Пиши и продавай!
как написать статью, книгу, рекламный текст на сайте копирайтеров

 <<<     ΛΛΛ     >>>   

Эти к Луне не летают! Они вообще вряд ли понимают, что величайшие шаги человеческого прогресса - следствия не зализанных ран, а проявлений глубокого трепета. Отдавая должное извечной преемственности основных побуждающих принципов человеческой эволюции, авторы фильма показывают затем такой же символический монолит в укромном уголке Луны, где к нему прикасается рукавица астронавта. Третий монолит находят свободно парящим в далеком космосе - и он как прежде загадочен, потому что олицетворяет извечную Тайну.

Одним из самых ранних признаков отличия человеческого сознания от животного можно считать приручение огня; огонь, на мой взгляд, близок по символическому содержанию к монолиту из фильма. Мы не знаем, когда именно человек укротил пламя; известно только, что в пещерах синантропов очаги разводили уже четыреста тысяч лет назад. Но зачем? Этого мы тоже не знаем. Очевидно, что еду на огне тогда еще не готовили. Возможно, возле очагов просто грелись; не исключено, что огнем отпугивали диких зверей. Но наиболее вероятным выглядит предположение, что танцующие языки пламени просто завораживали древнего человека. Во всех уголках света сохранились бесчисленные мифы о похищении огня, и почти всюду в это рискованное предприятие пускаются не ради практической пользы, но только потому, что огонь прекрасен. Вокруг огня можно плясать или просто сидеть и смотреть на него. Кроме того, в мифах обычно подчеркивается, что именно этот великия подвиг позволил человеку стать непохожим на зверей. Огню до сих пор поклоняются как божеству. Во многих культурах разведение домашнего очага имеет явные признаки ритуала. В Риме одной из самых почитамых богинь была Веста, во славу которой весталки разводили священный огонь.

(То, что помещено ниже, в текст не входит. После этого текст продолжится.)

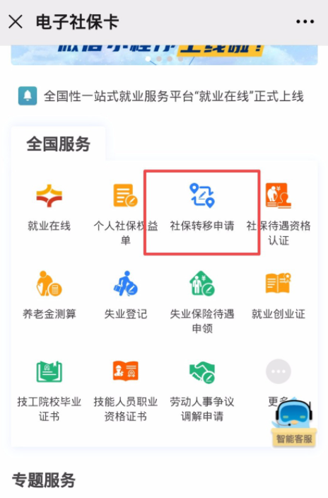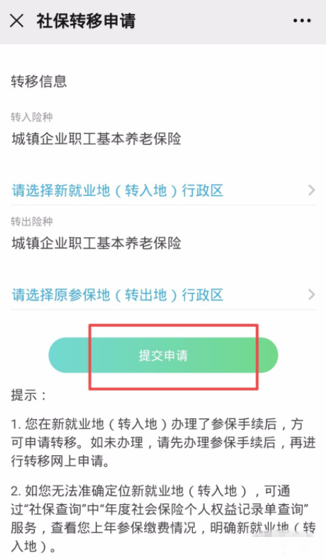 如图,点击【全国服务】——【社保转移申请】,按照要求填写相关信息,最后点击【提交申请】即可。

Очарованность пламенем, чья загадочность сравнима с тайной монолита из фильма Кубрика, можно считать древнейшим в истории нашего рода свидетельством открытости и готовности пускаться в опасные путешествия, которые издавна стали важнейшей и уникальной чертой человека, отличающей его от обычных животных. И эта характерная особенность с поразительной ясностью проявилась в событии, о котором я не устану говорить с восхищением.

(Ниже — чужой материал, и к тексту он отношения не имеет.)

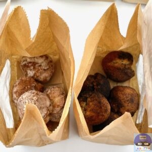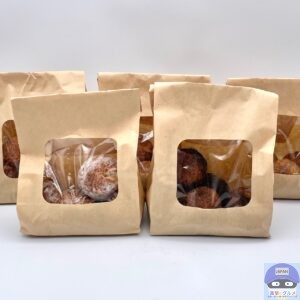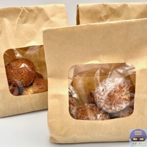 紙袋に5粒のひとくちドーナツが入って、価格は、どれも300円です。

В предшествующих главах мы рассуждали о других проявлениях душевного трепета, благодаря которому представители нашего вида превосходили самих себя. Охотники с благоговейным трепетом относились к окружавшим их диким зверям, земледельцы - к чуду посеянного зерна, Древнешумерские жрецы-звездочеты - к размеренному ходу планет по небосводу. Все было таким таинственным, невыразимым и странным! Ницше назвал человека «больным зверем», das kranke Tier, потому что наш образ жизни изменчив и непредсказуем. В отличие от других видов животных, наше естество не сковано жесткими схемами. Лев вынужден всю жизнь быть львом, собака - собакой, но человек может стать астронавтом, троглодитом, философом, моряком, хлебопашцем или скульптором. Он умеет играть и воплощать в своей жизни бесконечное множество совершенно разных судеб, а выбор его не определяется ни рассудком, ни просто здравым смыслом - только приступами восторга, или, как сказал Робинсон Джефферс, «миражами, выманивающими за ограду». Тот же поэт заявил: «Человечество - яйцо, откуда нужно вылупиться, панцирь, который надо расколоть, уголь, что должен стать пламенем, атом, требующий расщепления». Но что же выманивает нас за ограду?

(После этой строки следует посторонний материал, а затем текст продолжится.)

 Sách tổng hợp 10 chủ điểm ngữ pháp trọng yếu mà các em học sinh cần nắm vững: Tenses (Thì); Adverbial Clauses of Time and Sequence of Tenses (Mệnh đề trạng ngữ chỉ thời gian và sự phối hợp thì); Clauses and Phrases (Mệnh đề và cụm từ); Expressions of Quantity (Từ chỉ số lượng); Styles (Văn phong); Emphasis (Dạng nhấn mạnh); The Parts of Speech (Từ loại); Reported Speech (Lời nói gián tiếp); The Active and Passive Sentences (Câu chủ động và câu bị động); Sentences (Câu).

Влюбленность дикая, что скачет выше стен природы,
искусство прыгуна, которому ограды не помеха, -
Либо разумность звезд далеких и таинственные знания
кружащих демонов, тех, что слагают атом.

Судя по всему, именно первая увлеченность огнем выманила человека за ограду, к неведомому прежде образу жизни, где священным центром сугубо человеческой сферы забот стал домашний очаг. И лишь после того, как человек отделился от зверей, его воображение было очаровано устройством животной и растительной жизни и произвело на свет крупные мифологические схемы как внешнего, общественного строя, так и внутренних, личных переживаний: появились шаманы, живут как волки, ритуальные договоры с бизонами, танцоры в масках, тотемные первопредки и все остальное. Целые народы подчиняли свою жизнь законам и обрядам растений - умерщвление, расчленение и жертвоприношение лучших, самых выдающихся соплеменников во имя всеобщего блага. Эта идея сбереглась даже в Евангелии от Иоанна: «Истинно истинно говорю вам: если пшеничное зерно, падши в землю, не умрет, то останется одно; а если умрет, то принесет много плода. Любящий душу свою погубит ее; а ненавидящий душу свою в мире сем сохранит ее в жизнь вечную» (12:24-25). Она же легла в основу притчи Христа о лозе сказанной на Тайной Вечере: «Как ветвь не может приносить плода сама собою, если не будет на лозе, так и вы, если не будете во Мне. Я есмь Лоза а вы ветви» (15:4-5).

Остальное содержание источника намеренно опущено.